1.7    This Agreement shall only become effective (the "Effective Date") upon its execution by all Parties. The failure of any Party to execute this Agreement by 5 pm Pacific time on Monday, April 16, 2018 shall render this Agreement void ab initio.
2.    TERMS OF AGREEMENT
The Parties hereby agree to the following terms and conditions and further agree to perform any and all acts and execute any and all documents necessary or appropriate to implement the following agreement, on or after the Effective Date:
2.1    On or before Thursday, April 19, 2018, Stephen A. Wynn shall pay to Elaine P. Wynn by wire transfer $25,000,000 to settle the aforementioned crossclaims asserted against him by Elaine P. Wynn in connection with the Litigation. The date on which Stephen A. Wynn pays to Elaine P. Wynn the funds contemplated in this Section 2.1 is referred to as the “Payment Date.”

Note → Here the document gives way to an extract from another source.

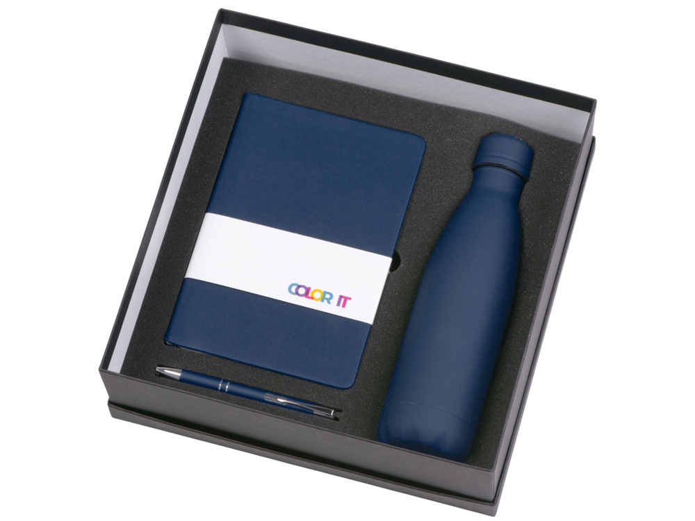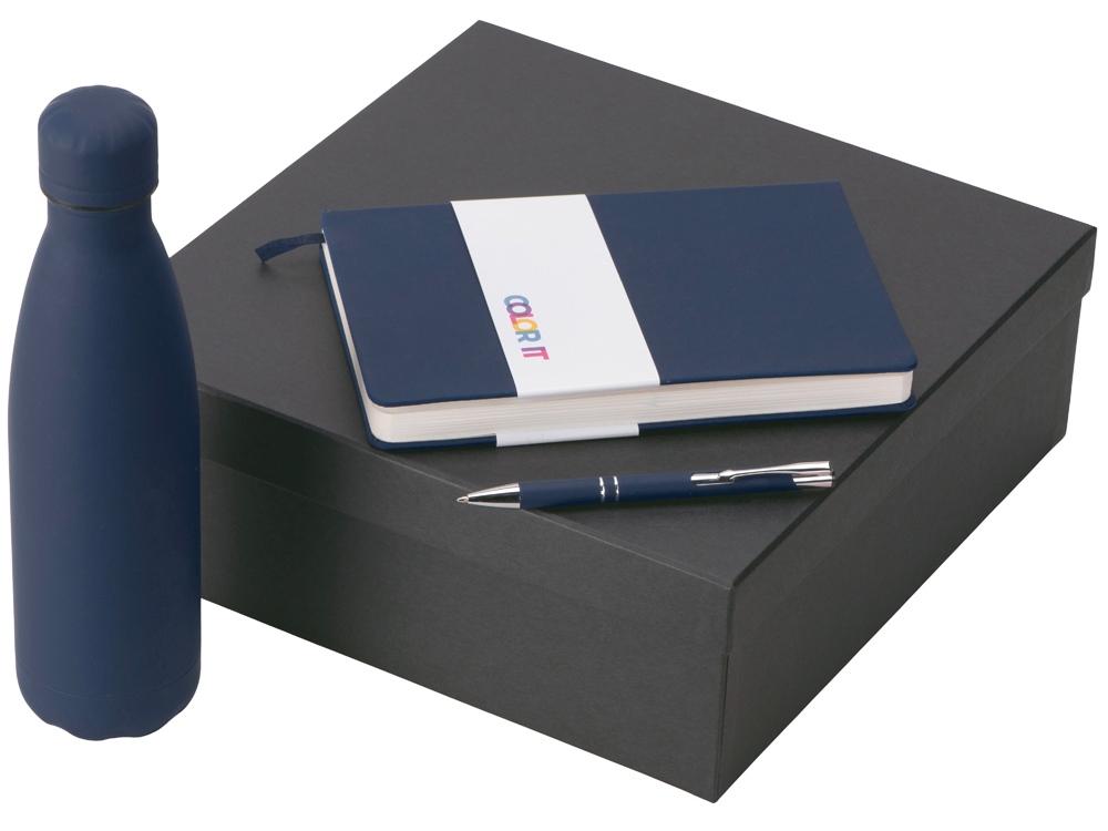 Подарочный набор с блокнотом С2, металлической ручкой и термобутылкой, темно-синий , размер твердая обложка, 350087.08

2.2.     Elaine P. Wynn shall provide wiring instructions within three (3) days after the Effective Date.
2.3    On the later of the Effective Date or the Payment Date, the Parties — by and through their counsel — shall immediately execute and file the forms of Stipulation of Dismissal, attached hereto as Exhibit A, dismissing with prejudice all remaining claims in the Litigation.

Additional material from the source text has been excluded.